Patients will be hospitalized for 5 complete days to be counted from the time of
administration of the study drug (Each consecutive, 24-period constituting a day). The
following clinical and laboratory evaluations will be done for each of the study patients:
- Body Weight: On initial entry into the study, after initial rehydration, at “0” hour of
the study (which will coincide with administration of the study drug), and at 24 hour
intervals beginning from the time of administration of study drug.

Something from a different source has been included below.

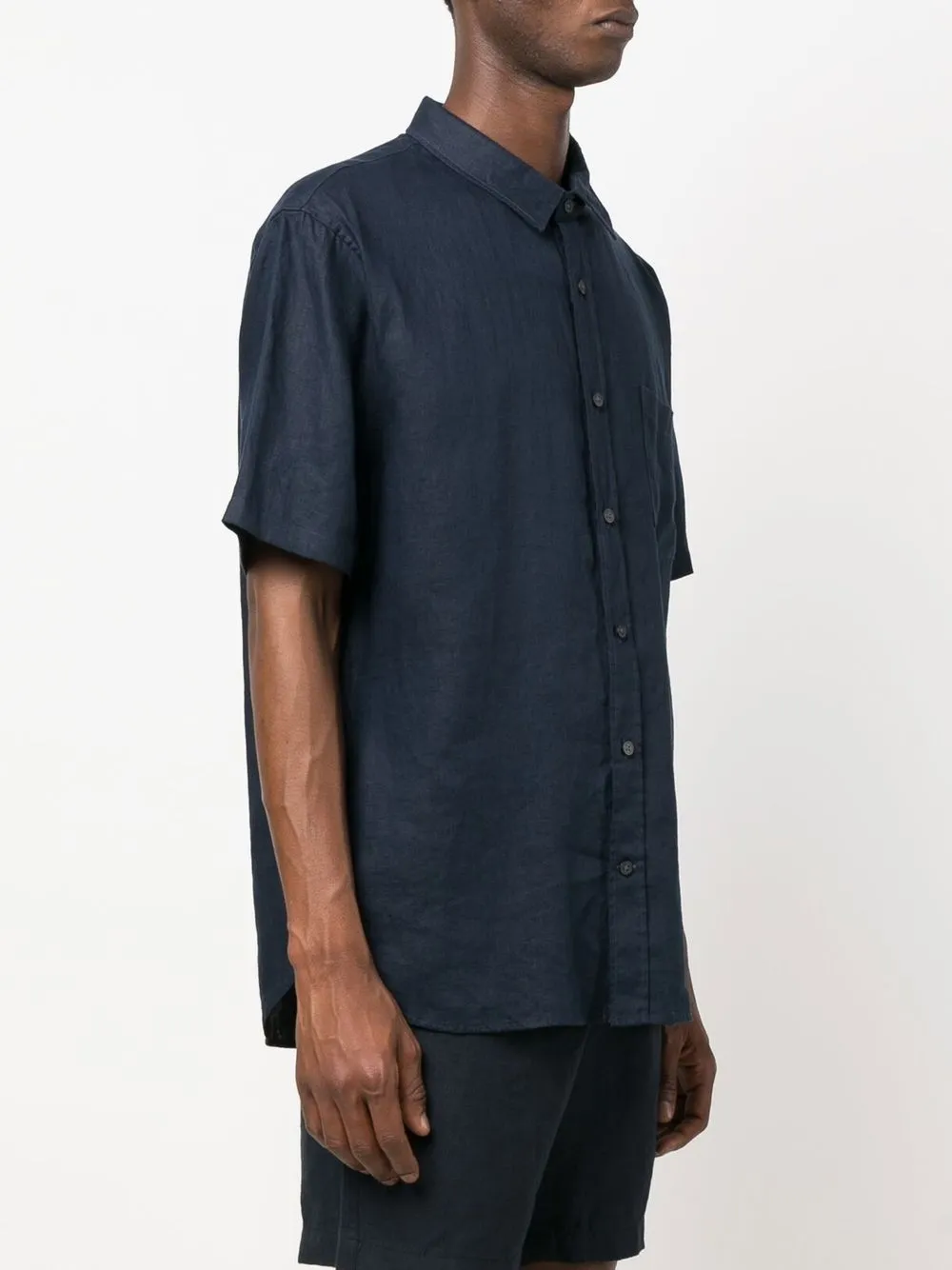 Темно-синий, лен, классический воротник, застежка на пуговицах спереди, короткие рукава, нагрудный накладной карман и прямой подол. .

- History and physical examination: On admission, after initial rehydration, at “0” hour
of the study, and at least once daily during hospitalization. This will also include
evaluation for potential adverse events.
- Vital signs: Oral temperature, pulse and respiratory rates, and blood pressures will be
recorded on admission (dehydrated), after rehydration, at the end of the 4-hour
observation period (“0” hour of the study), and every 6 hours after administration of
the study drug.
- Measurement of stool volume: Will be done for the rehydration period, the four hour
observation period, and for each 6-hour period after administration of study drug.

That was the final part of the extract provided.